Hi there, when I'm executing the following queries in hive set hive.auto.convert.join = true; CREATE TABLE IDAP_ROOT as SELECT a.*,b.acnt_no FROM idap_pi_root a LEFT OUTER JOIN idap_pi_root_acnt b ON a.acnt_id=b.acnt_id the number of mappers to run in the mapside join is 3, how is it determined? When launching a job in hadoop mapreduce, i know it's determined by the function max(Min split size, min(Max split size, HDFS blockSize)) which in my configuration is max(1B, min(256MB ,32MB)=32MB and the two tables are 460MB and 1.5MB respectively. Thus I thought the mappers to launch to be around 15, which is not the case. Thanks Bruce
Re: how is number of mappers determined in mapside join?
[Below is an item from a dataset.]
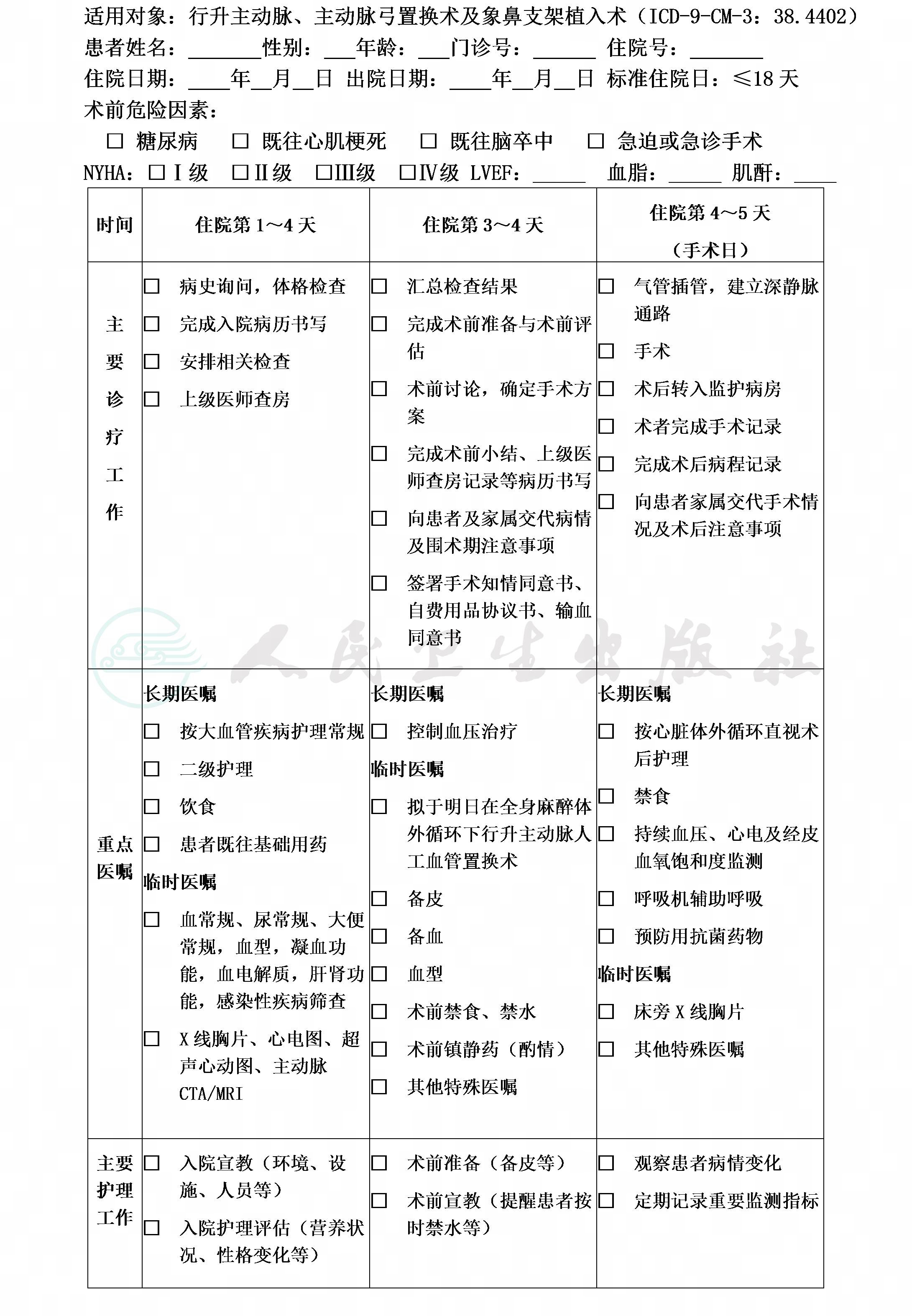 二、升主动脉、主动脉弓置换术及象鼻支架植入术临床路径表单

Hi Bruce In map side join the smaller table is loader in memory and hence the number of mappers is dependent only on the data on larger table. Say If CombineHiveInputFormat is used and we have our hdfs block size as 32 mb, min split size as 1B and max split size as 256 mb. Which means one mapper would be processing data chunks not less than 1B and not more than 256 MB. So based on that mappers would be triggered, so a possibility in your case mapper 1 - 200 MB mapper 2 - 120 MB mapper 3 - 140 MB Every mapper is processing data whose size id between 1B and 256 MB. Totally of 460 MB, your table size. I'm not sure of the formula you posted here, Can you point me to the document from which you got this? Regards Bejoy From: Bruce Bian weidong@gmail.com To: user@hive.apache.org Sent: Monday, March 19, 2012 2:42 PM Subject: how is number of mappers determined in mapside join? Hi there, when I'm executing the following queries in hive set hive.auto.convert.join = true; CREATE TABLE IDAP_ROOT as SELECT a.*,b.acnt_no FROM idap_pi_root a LEFT OUTER JOIN idap_pi_root_acnt b ON a.acnt_id=b.acnt_id the number of mappers to run in the mapside join is 3, how is it determined? When launching a job in hadoop mapreduce, i know it's determined by the function max(Min split size, min(Max split size, HDFS blockSize)) which in my configuration is max(1B, min(256MB ,32MB)=32MB and the two tables are 460MB and 1.5MB respectively. Thus I thought the mappers to launch to be around 15, which is not the case. Thanks Bruce
Re: how is number of mappers determined in mapside join?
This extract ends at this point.